Very! This soup is plant-based and vegetarian, making it suitable for various diets. If you’re serving it to someone with food allergies, be sure to check for any specific legume or herb sensitivities. You can also switch out the sour cream for a plant-based yogurt to keep it vegan-friendly.
Can I use regular pasta instead of Persian noodles?
Yes, you can! If you can’t find Persian noodles (Reshteh), linguine or any flat noodle will work just fine. Just make sure to check the cooking time, as it may vary. Enjoy personalizing your Persian Noodle Soup Recipe with flavors that suit your taste!

Savory Persian Noodle Soup Recipe for Cozy Nights
Ingredients
Equipment
Method
- In a large pot, heat 2 tablespoons of olive oil over medium heat. Add 1 diced yellow onion and sauté for about 5 minutes until soft and golden.
- Stir in 3 minced garlic cloves and 1 teaspoon of turmeric, cooking for 1-2 minutes until fragrant.
- Pour in 8 cups of vegetable broth and then add 1 cup each of rinsed lentils, chickpeas, navy beans, and kidney beans. Bring to a boil, then simmer for about 20 minutes.
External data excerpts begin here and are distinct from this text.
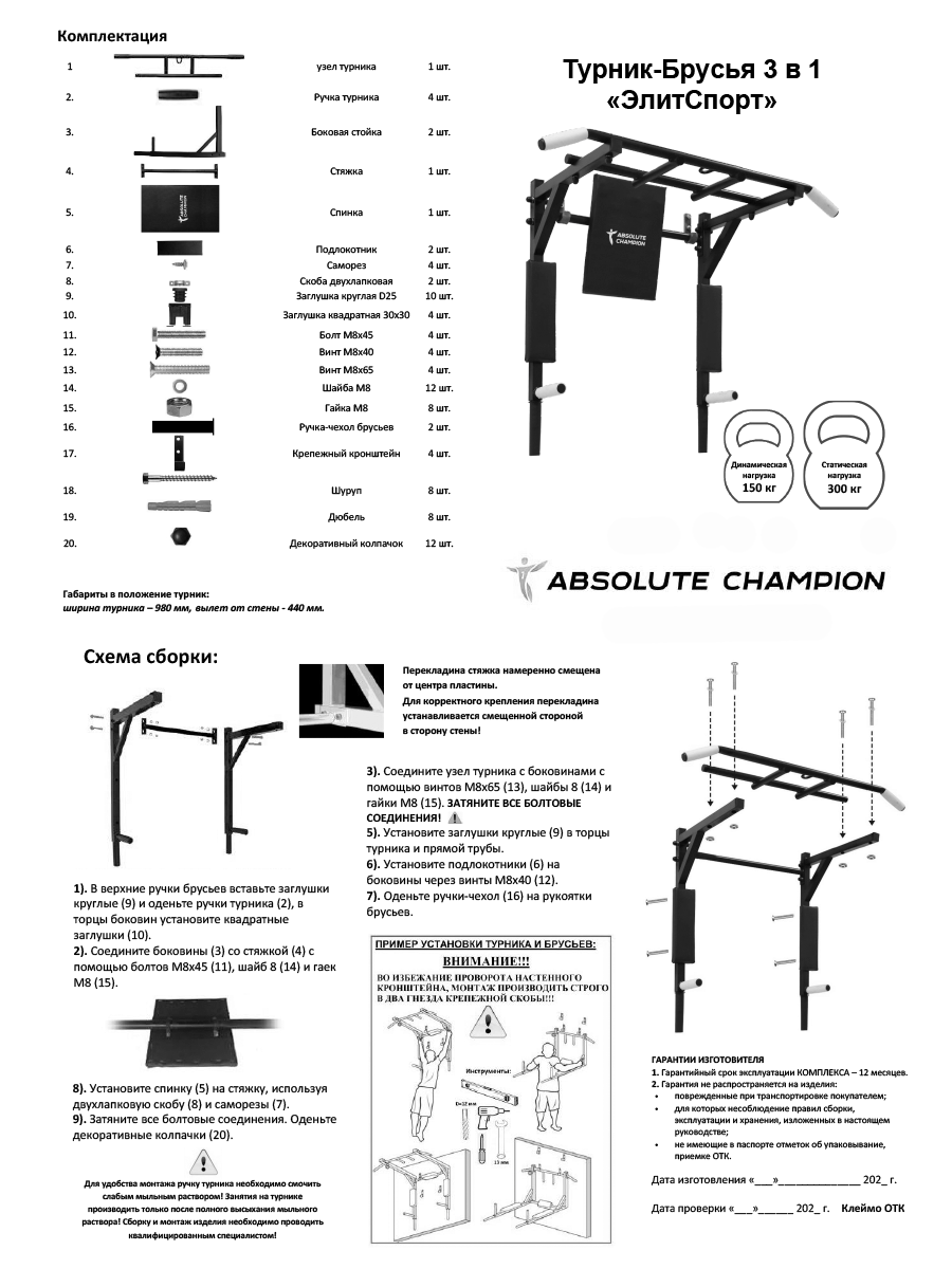| Тип | 3в1: турник / брусья / пресс |
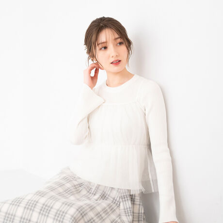 透け感のあるチュールキャミとニットが組み合わされたアイテム。キャミソールのバックにはリボンを施し、可愛らしさをプラスしています。リブ生地で仕立てられたニットは、フィット感のある着心地に。セットはもちろん、単品でも活躍してくれます。
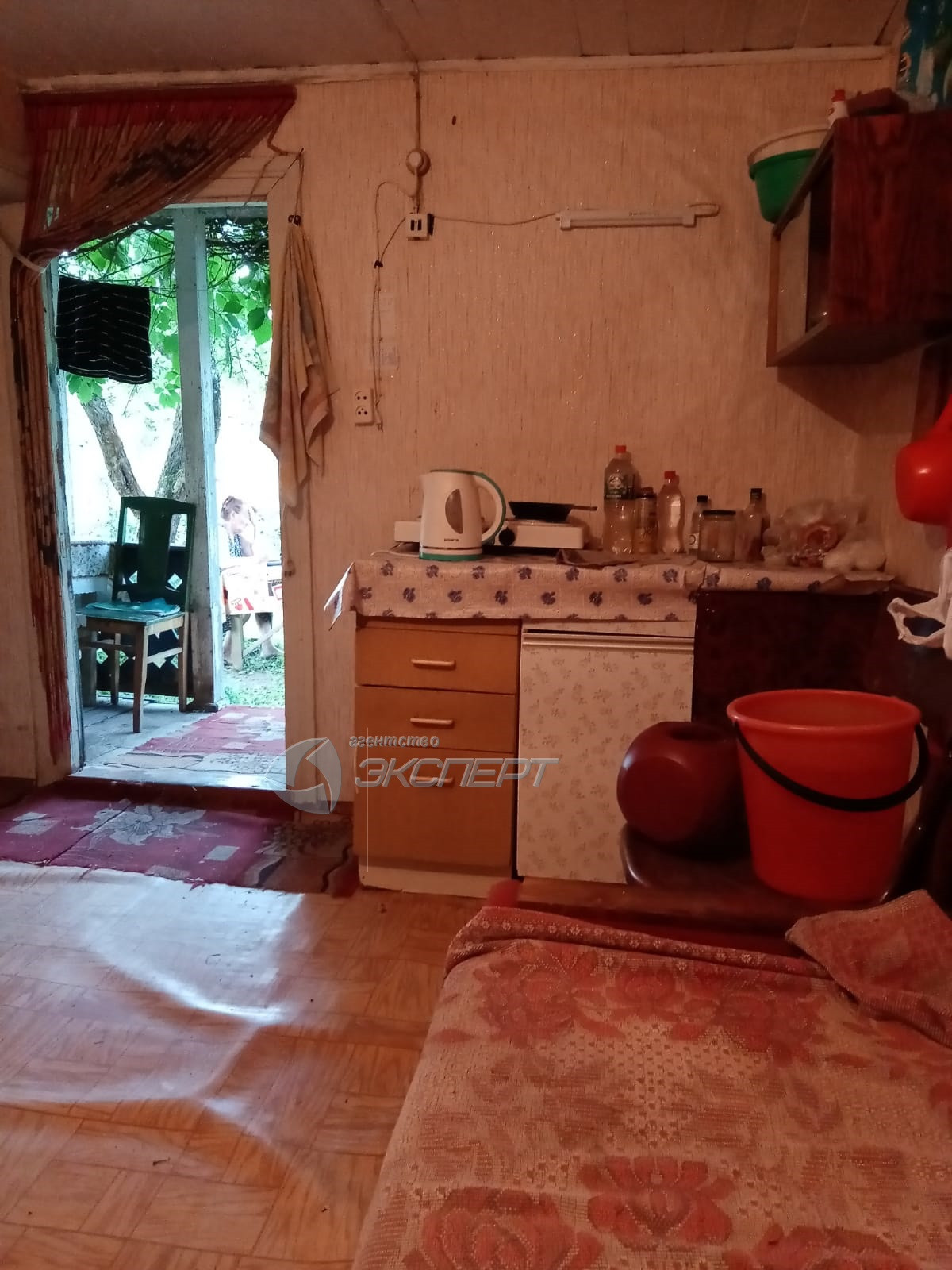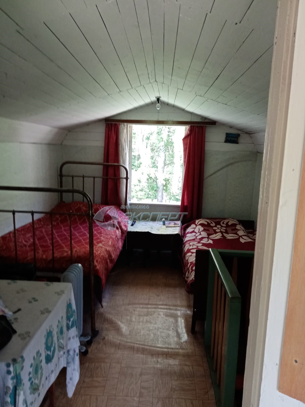 Дачный  дом - двухэтажный с мансардой. Общая площадь 40 кв.м. На 1-ом этаже - кухня - столовая. На 2-ом этаже - 1 комната с выходом на балкон. В доме есть электричество. Материал стен – брус. Дому нужен не большой ремонт крыши, крыльцу, входной двери.

- Add 2 cups of Persian noodles to the boiling broth mixture. Cook for an additional 10 minutes, or until the noodles are tender.
- Fold in 4 cups of chopped fresh spinach, along with 1 cup each of chopped cilantro, parsley, and dill. Let it simmer for another 5-7 minutes.
- Season with salt and pepper to taste. Serve topped with sour cream or yogurt and fried onions.